Parlando di prestazioni, la più potente 55 TFSI accelera da 0 a 100 km/h in 5,1 secondi (c’è un margine di circa 4 decimi tra la versione benzina e Diesel provate nell’occasione), raggiungendo i 250 km/h, limitati elettronicamente. Consumi ed emissioni, valutando quanto segnalato dalla casa, variano tra i 6,7 e i 7,1 litri per 100 km (dati comunque legati al tipo di pneumatici impiegati e a diverse altre condizioni) e tra 151 e 161 grammi per km di CO2. Nel caso della versione Diesel 50 TDI con un 3.0 litri da 286 cavalli, i valori variano tra 5,5 e 5,8 litri per 100 km e 142-150 grammi di CO2 per chilometro. La trazione è sempre quattro.

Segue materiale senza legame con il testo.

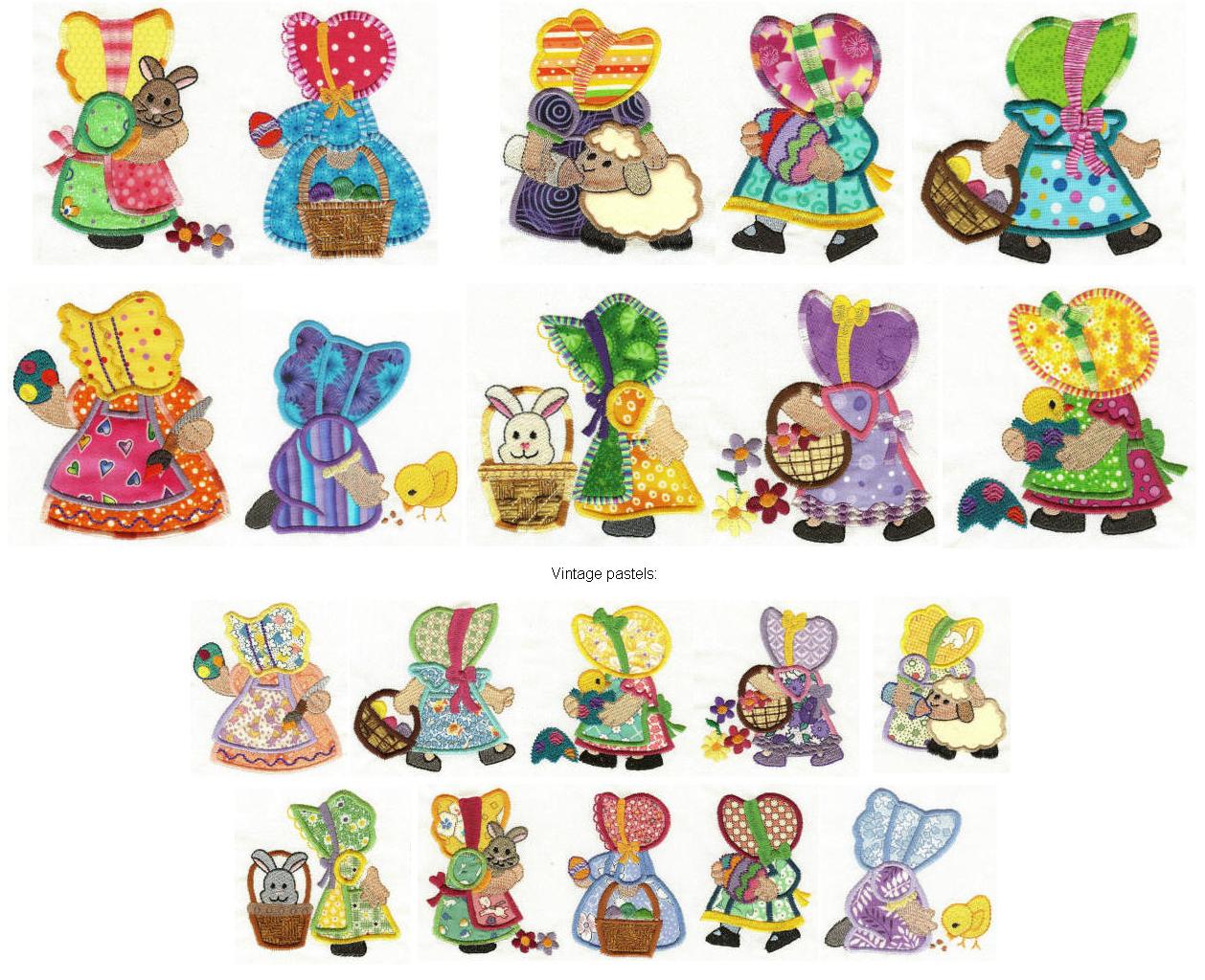 Here is a set of precious sunbonnets in an Easter theme. Make them super bright, or use up your vintage pastels! A must have for sunbonnet collectors!

La gamma è composta da cinque versioni, ovvero Sport, Design, Business a cui seguono le Business Sport e Business Design che associano le caratteristiche dei modelli già citati. In fase di lancio sono disponibili il propulsore 3.0 TDI V6 da 286 cavalli, quindi successivamente è programmata l’introduzione di un’unità meno potente da 231 cavalli. L’arrivo dei più compatti quattro cilindri, tra cui figura un 2.0 litri TDI da 204 cavalli, è prospettato in autunno. A seguire, dunque, il vulcanico 3.0 litri TFSI V6 da 340 cavalli. Le unità sei cilindri sono anche potenziate da una tecnologia mild-hybrid (un sistema ibrido leggero) da 48 Volt. A differenza dei quattro cilindri, che ne vantano uno più contenuto da 12 Volt. Inoltre le unità Diesel V6 sono legate a una trasmissione Tiptronic arricchita da convertitore di coppia a otto marce, mentre i modelli spinti dal più potente TFSI e dai quattro cilindri, sono abbinati a un sistema a doppia frizione S tronic sette rapporti. Le cifre partono da 62.100,00 Euro, valutando una A6 50 TDI quattro Tiptronic da 286 cavalli.

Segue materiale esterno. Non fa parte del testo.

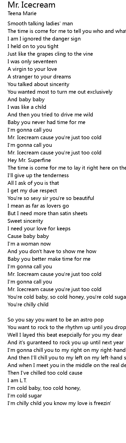 Mr. Icecream cause you're just too cold |

In sintesi: un’ottima auto per chi non cerca la sportività elegante di una A7, né le dimensione troppo generose di una A8. Il cui dinamismo risulta coinvolgente, ma composto. Quando in autunno arriverà la versione Avant, si potrà anche disporre di maggior spazio, nonostante risulti già abbondante. E saremo di fronte sicuramente, vista la bellezza della berlina, a una nuova regina tra le station wagon del segmento E.